The listing below should be printed exactly, every line of it. Skip the pictures.

• Material provided:
*** Begin section ***

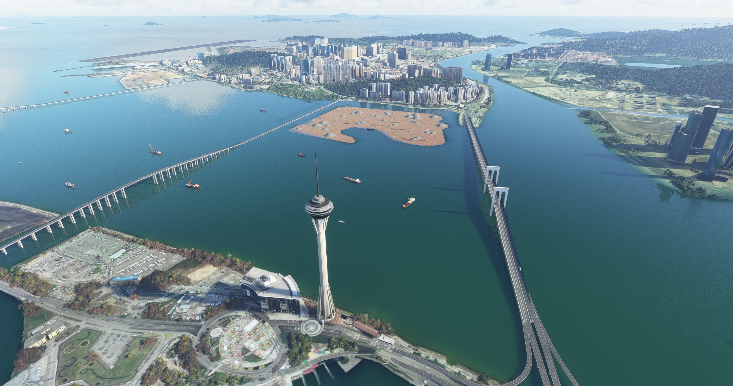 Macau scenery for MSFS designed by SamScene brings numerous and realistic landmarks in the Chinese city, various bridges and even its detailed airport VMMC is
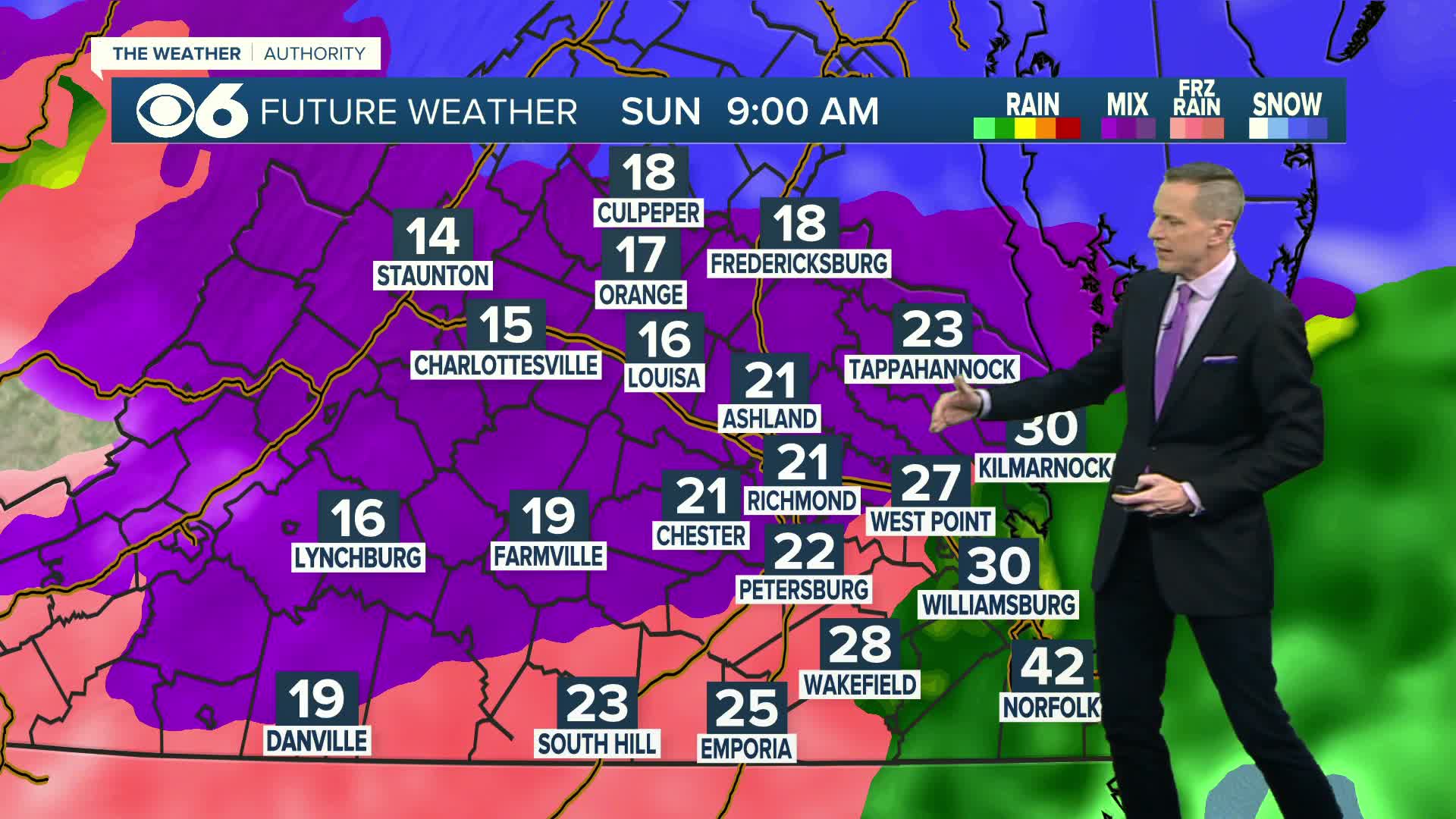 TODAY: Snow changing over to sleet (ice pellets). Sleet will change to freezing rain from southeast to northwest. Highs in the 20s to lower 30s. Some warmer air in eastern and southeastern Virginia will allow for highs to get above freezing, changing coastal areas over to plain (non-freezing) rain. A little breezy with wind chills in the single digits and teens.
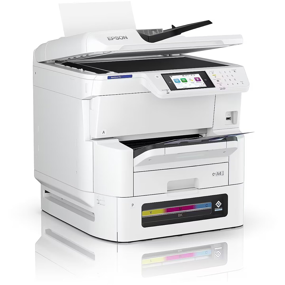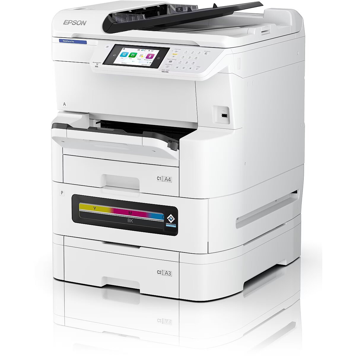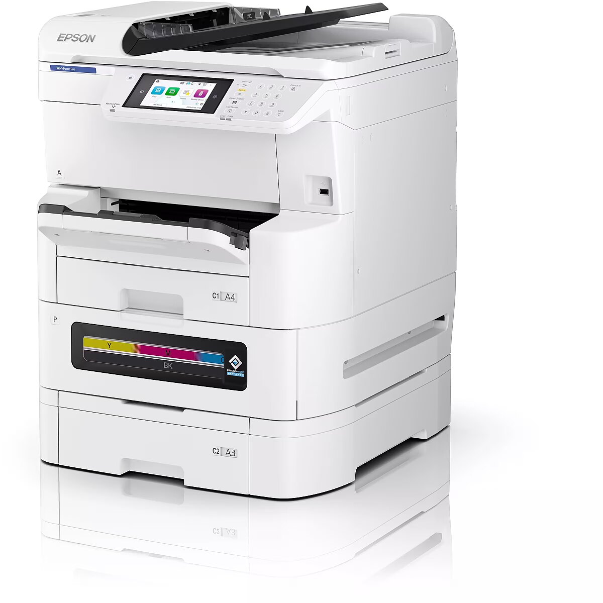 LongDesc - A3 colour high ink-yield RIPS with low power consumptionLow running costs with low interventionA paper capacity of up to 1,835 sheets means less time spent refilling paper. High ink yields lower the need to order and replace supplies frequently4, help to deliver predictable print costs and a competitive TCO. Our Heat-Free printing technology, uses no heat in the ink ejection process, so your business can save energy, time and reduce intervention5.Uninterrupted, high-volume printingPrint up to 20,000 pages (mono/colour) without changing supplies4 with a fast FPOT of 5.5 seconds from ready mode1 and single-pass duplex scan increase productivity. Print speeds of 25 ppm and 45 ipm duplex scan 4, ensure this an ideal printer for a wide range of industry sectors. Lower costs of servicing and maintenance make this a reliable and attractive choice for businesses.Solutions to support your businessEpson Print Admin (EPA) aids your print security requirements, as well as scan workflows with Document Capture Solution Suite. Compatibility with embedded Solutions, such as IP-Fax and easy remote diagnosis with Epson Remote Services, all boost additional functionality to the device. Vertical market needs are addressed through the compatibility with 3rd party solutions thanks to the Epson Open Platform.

*** End section ***

• Problem solution:
 Macau scenery for MSFS designed by SamScene brings numerous and realistic landmarks in the Chinese city, various bridges and even its detailed airport VMMC is
 TODAY: Snow changing over to sleet (ice pellets). Sleet will change to freezing rain from southeast to northwest. Highs in the 20s to lower 30s. Some warmer air in eastern and southeastern Virginia will allow for highs to get above freezing, changing coastal areas over to plain (non-freezing) rain. A little breezy with wind chills in the single digits and teens.
 LongDesc - A3 colour high ink-yield RIPS with low power consumptionLow running costs with low interventionA paper capacity of up to 1,835 sheets means less time spent refilling paper. High ink yields lower the need to order and replace supplies frequently4, help to deliver predictable print costs and a competitive TCO. Our Heat-Free printing technology, uses no heat in the ink ejection process, so your business can save energy, time and reduce intervention5.Uninterrupted, high-volume printingPrint up to 20,000 pages (mono/colour) without changing supplies4 with a fast FPOT of 5.5 seconds from ready mode1 and single-pass duplex scan increase productivity. Print speeds of 25 ppm and 45 ipm duplex scan 4, ensure this an ideal printer for a wide range of industry sectors. Lower costs of servicing and maintenance make this a reliable and attractive choice for businesses.Solutions to support your businessEpson Print Admin (EPA) aids your print security requirements, as well as scan workflows with Document Capture Solution Suite. Compatibility with embedded Solutions, such as IP-Fax and easy remote diagnosis with Epson Remote Services, all boost additional functionality to the device. Vertical market needs are addressed through the compatibility with 3rd party solutions thanks to the Epson Open Platform.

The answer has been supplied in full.